CYP2A6 genetic variation and dexmedetomidine disposition

Abstract

Purpose: There is a large interindividual variability in dexmedetomidine dose requirements for sedation of patients in intensive care units (ICU). Cytochrome P450 2A6 (CYP2A6) mediates an important route of dexmedetomidine metabolism, and genetic variation in CYP2A6 affects the clearance of other substrate drugs. We examined whether CYP2A6 genotypes affect dexmedetomidine disposition.

Methods: In 43 critically ill ICU patients receiving dexmedetomidine infusions adjusted to achieve the desired level of sedation, we determined a median of five plasma dexmedetomidine concentrations each. Forty subjects were genotyped for five common CYP2A6 alleles and grouped into normal (n = 33), intermediate (n = 5), and slow metabolizers (n = 2).

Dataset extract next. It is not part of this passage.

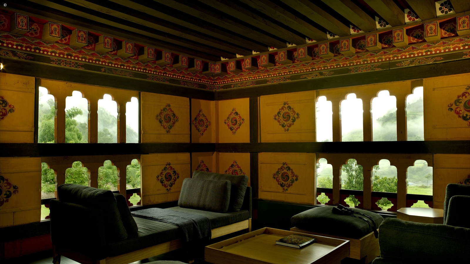 Wrapped in lush rice fields and fruit orchards by Mo Chhu River, with views to the seventeenth century Punakha Dzong, is a former traditional Bhutanese farmhouse: the Amankora Punakha hotel.

Results: Using a Bayesian hierarchical nonlinear mixture model, estimated dexmedetomidine clearance was 49.1 L/h (posterior mean; 95% credible interval 41.4-57.6 L/h). There were no significant differences in dexmedetomidine clearance among normal, intermediate, and slow CYP2A6 metabolizer groups.

Conclusion: Genetic variation in CYP2A6 does not appear to be an important determinant of dexmedetomidine clearance in ICU patients.

Figure 1. Posterior medians of subject-specific clearance of dexmedetomidine according to genotype in intensive care patients

Each dot represents one patient. The darker the dots, the larger the number of samples per patient: the points with white color represent 1–2 samples/patient and black ones 15 samples/patient (see inbox legend). For intermediate and slow metabolizers, the number of samples is also presented. For normal metabolizers, the median number of samples was 5 (range, 1 to 15) per patient. Horizontal bars represent medians for subject-specific clearances in each metabolizer group.